[Stored records]
[Start of Attachment]

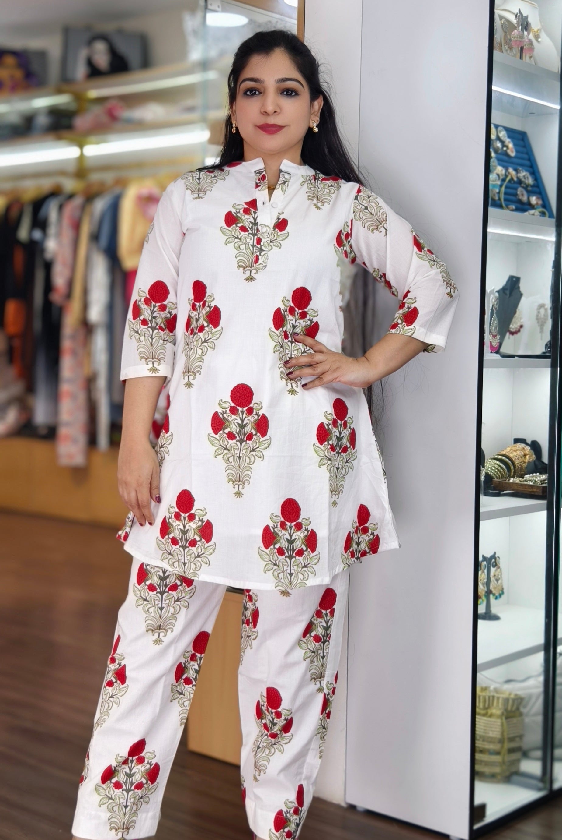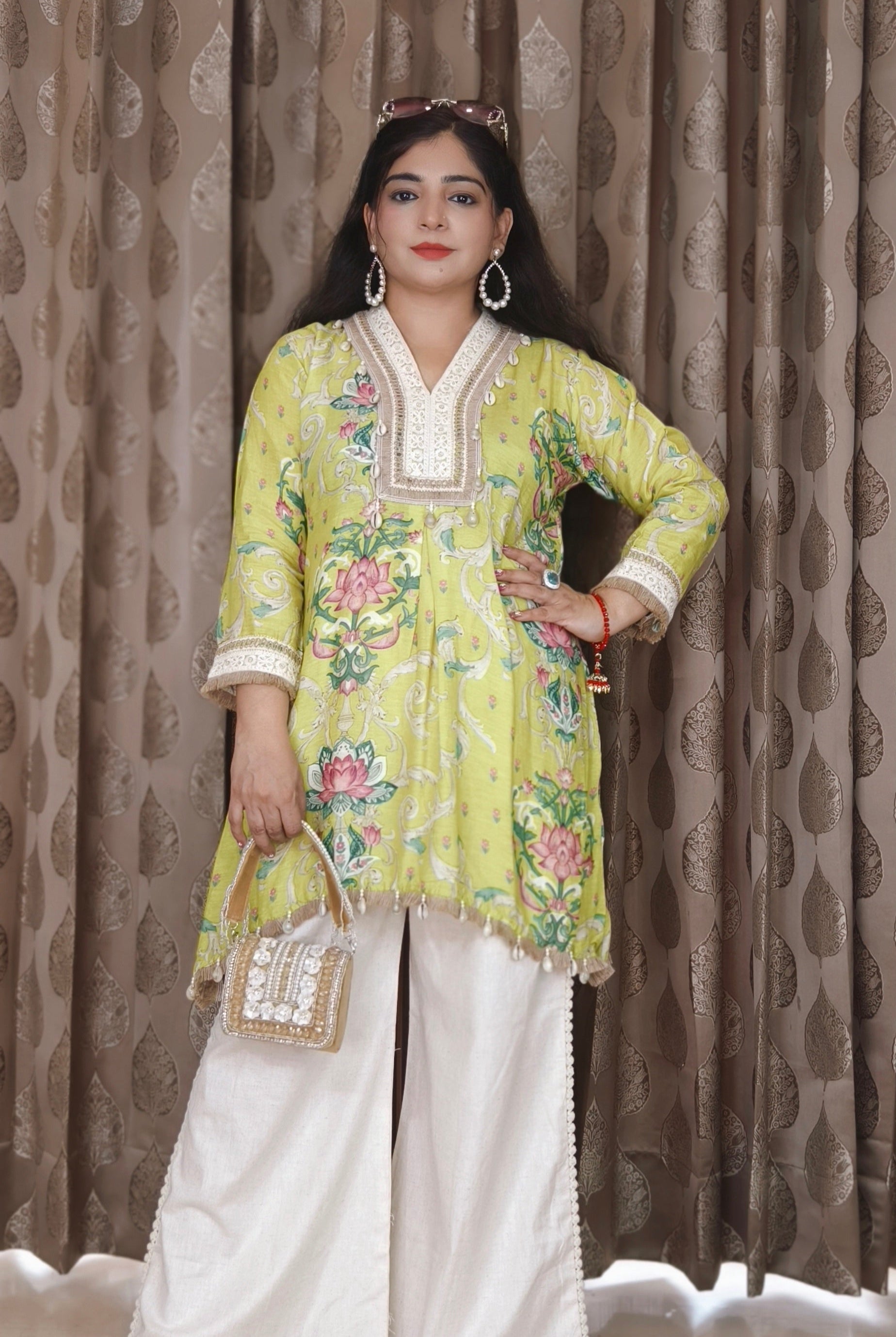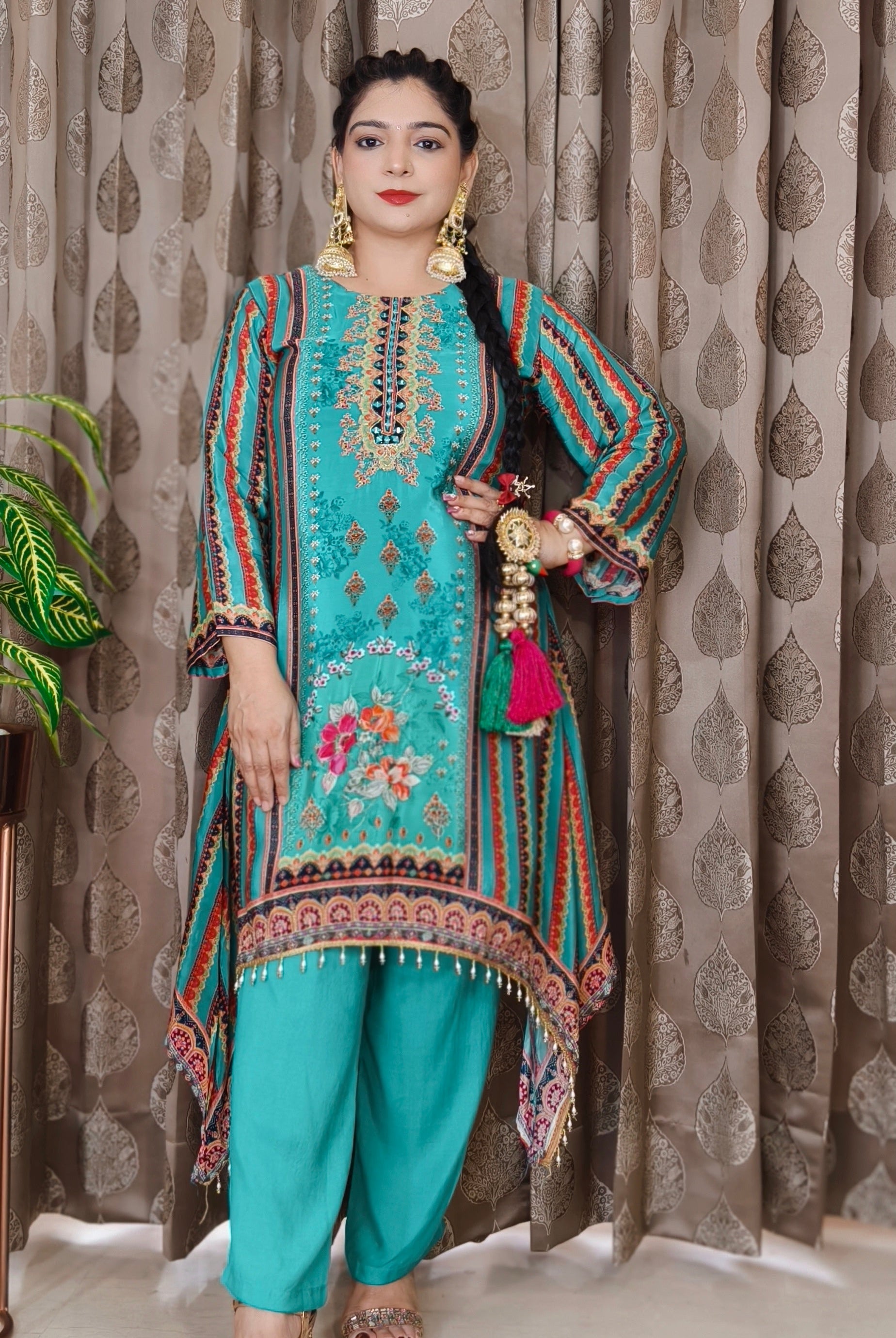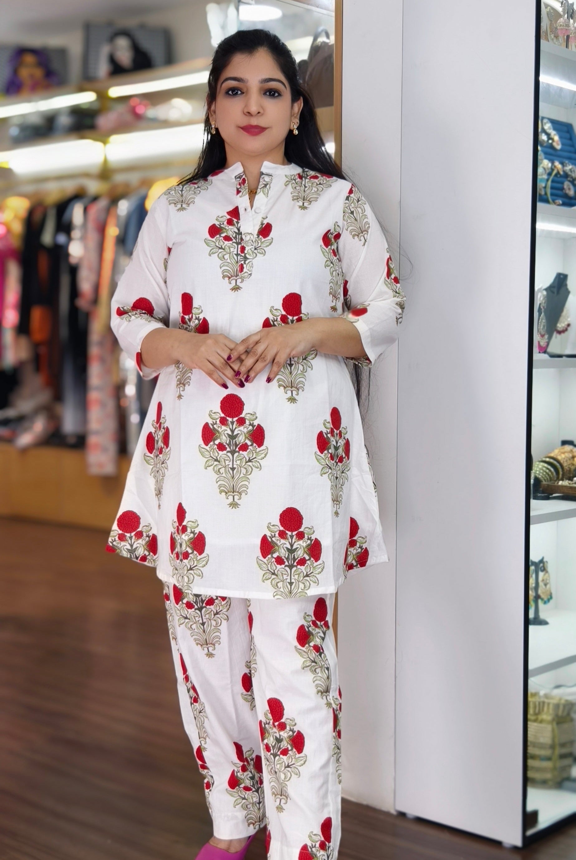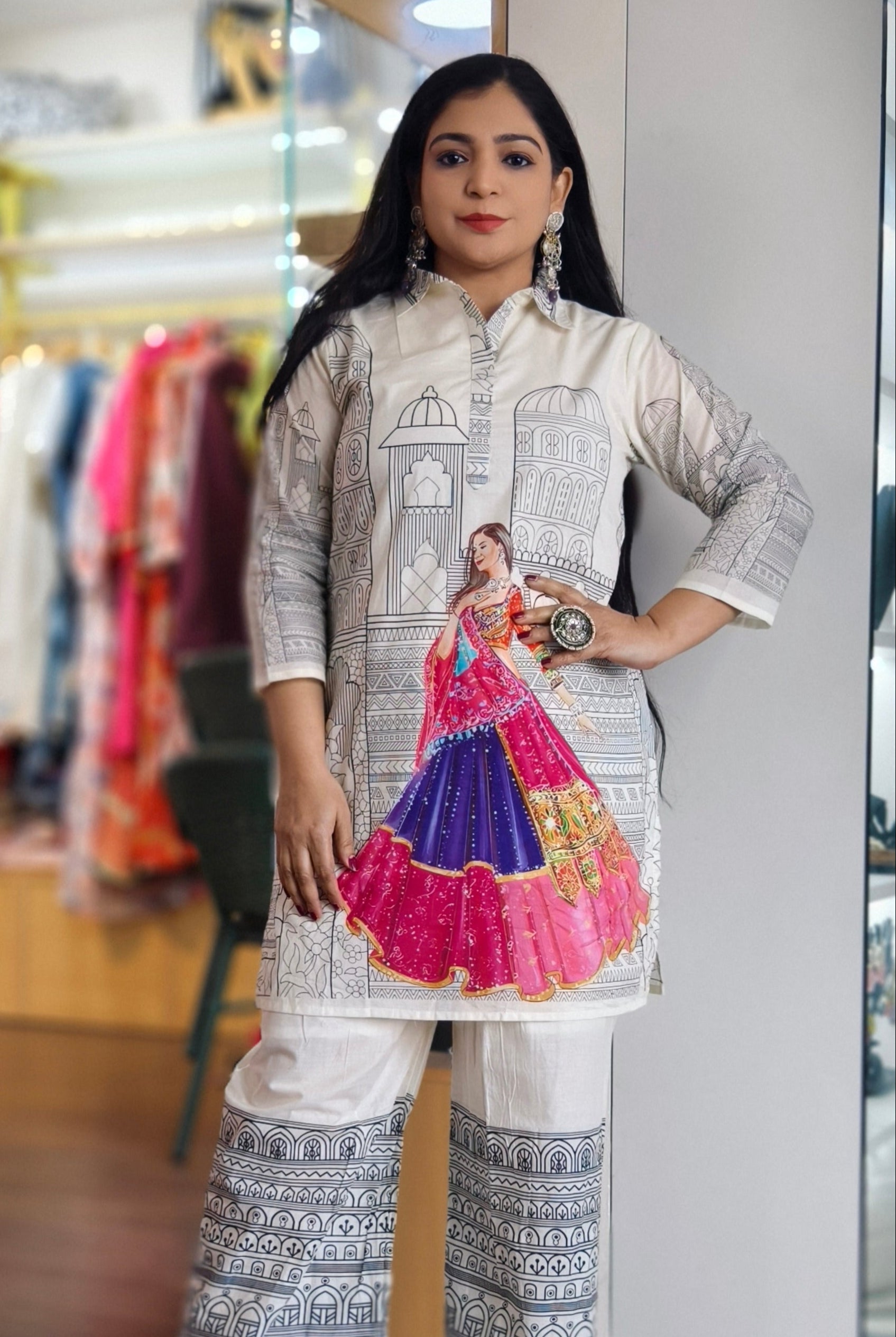A IVORY SHIFALI COTTON ANARKALI WITH COTTON DUPATTA is a perfect blend of elegance and comfort. The outfit features a soft, breathable cotton fabric, offering all-day comfort while maintaining a refined look. The adds a modern twist to the traditional Anarkali silhouette, enhancing its flow and movement. The delicate around the edges provide a feminine, intricate touch, elevating the overall design. Paired with matching afghani pants, this ensemble combines traditional elements with contemporary style, making it ideal for casual outings, festive events, or semi-formal occasions.
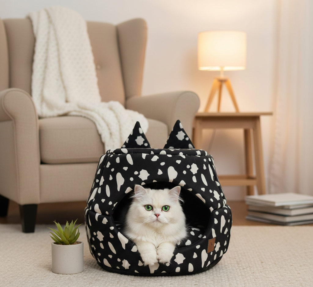 - Two solid colours combine in a suitable way, sculpting a simple and stylish appearance, which will be one of your great family view. The velvety material of this cat house provides excellent insulation and is soft to the touch, making this an ideal bed for lounging cats.
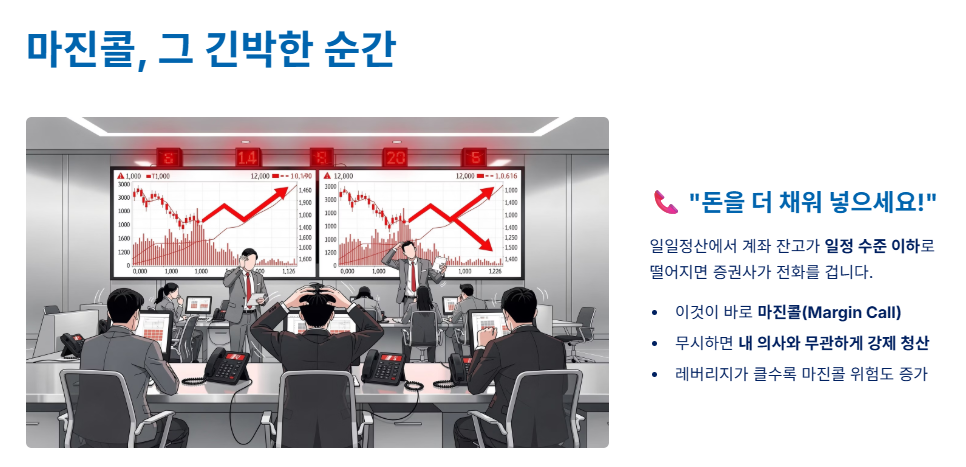 - 이를 **레버리지(지렛대)**라고 부르는데, 내 돈보다 훨씬 큰 금액을 굴릴 수 있어 수익이 날 때는 엄청난 수익률을 자랑하지만, 반대로 손실이 날 때도 그만큼 치명적입니다.
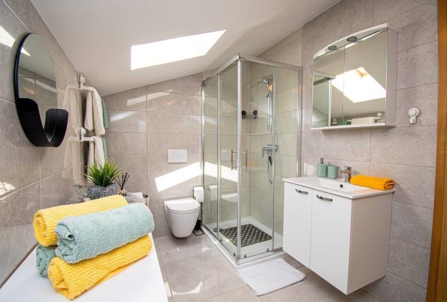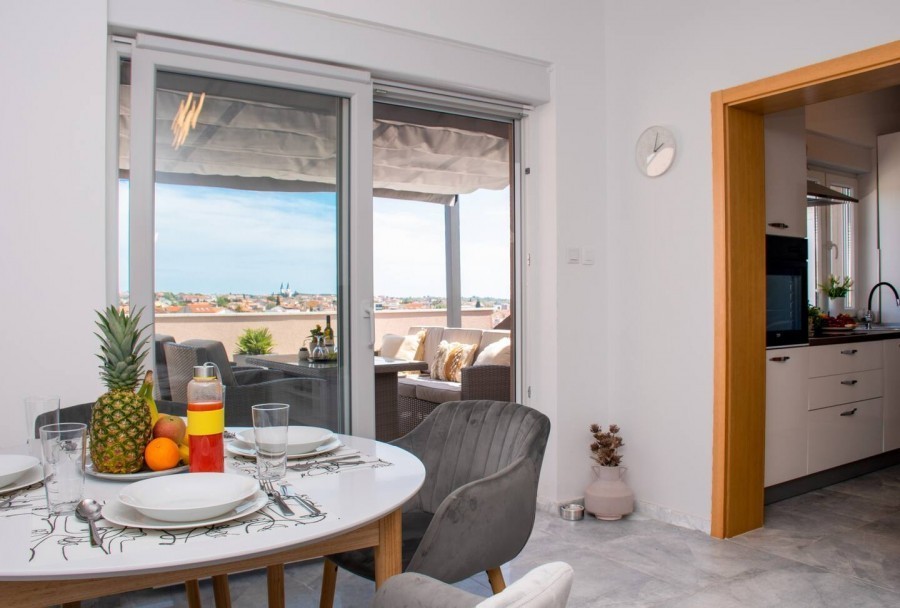 Na izvrsnoj lokaciji u Medulinu, prodaje se moderno uređen i kompletno namješten apartman u novogradnji u naselju Mukalba. Stan je površine 65m2 i smješten u potkrovlju kvalitetne zgrade. Ovaj izniman stan se sastoji od dnevnog boravka s kompletno opremljenom kuhinjom, spavaće sobe, kupaonice i velike terase (40m2) sa pogledom na more, pružajući savršeno mjesto za odmor i opuštanje.
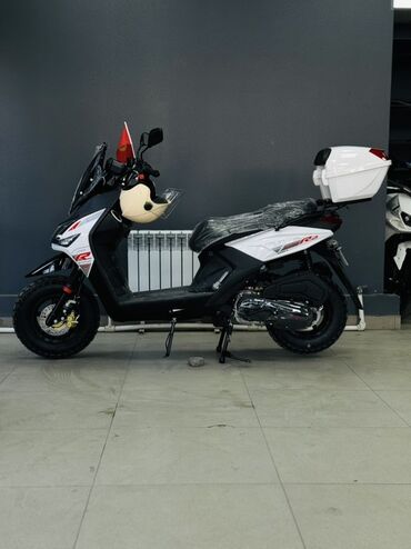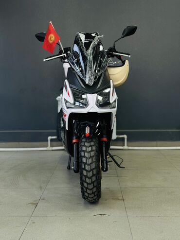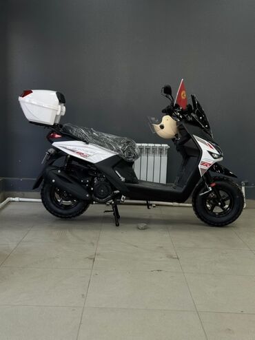 Можно поставить учет Кыргызстан 🇰🇬 Скутер белого цвета с черными акцентами и ветровым стеклом. Оборудован объемным двигателем и дополнительным багажным кофром. Подходит для городского использовани...

[End of Attachment]

> EXERCISE OBJECTIVE:
From the line containing "Na izvrsnoj lokaciji" through the final line of the records, write out each line exactly, and include no pictures.

> COMPLETED EXERCISE:
 Na izvrsnoj lokaciji u Medulinu, prodaje se moderno uređen i kompletno namješten apartman u novogradnji u naselju Mukalba. Stan je površine 65m2 i smješten u potkrovlju kvalitetne zgrade. Ovaj izniman stan se sastoji od dnevnog boravka s kompletno opremljenom kuhinjom, spavaće sobe, kupaonice i velike terase (40m2) sa pogledom na more, pružajući savršeno mjesto za odmor i opuštanje.
 Можно поставить учет Кыргызстан 🇰🇬 Скутер белого цвета с черными акцентами и ветровым стеклом. Оборудован объемным двигателем и дополнительным багажным кофром. Подходит для городского использовани...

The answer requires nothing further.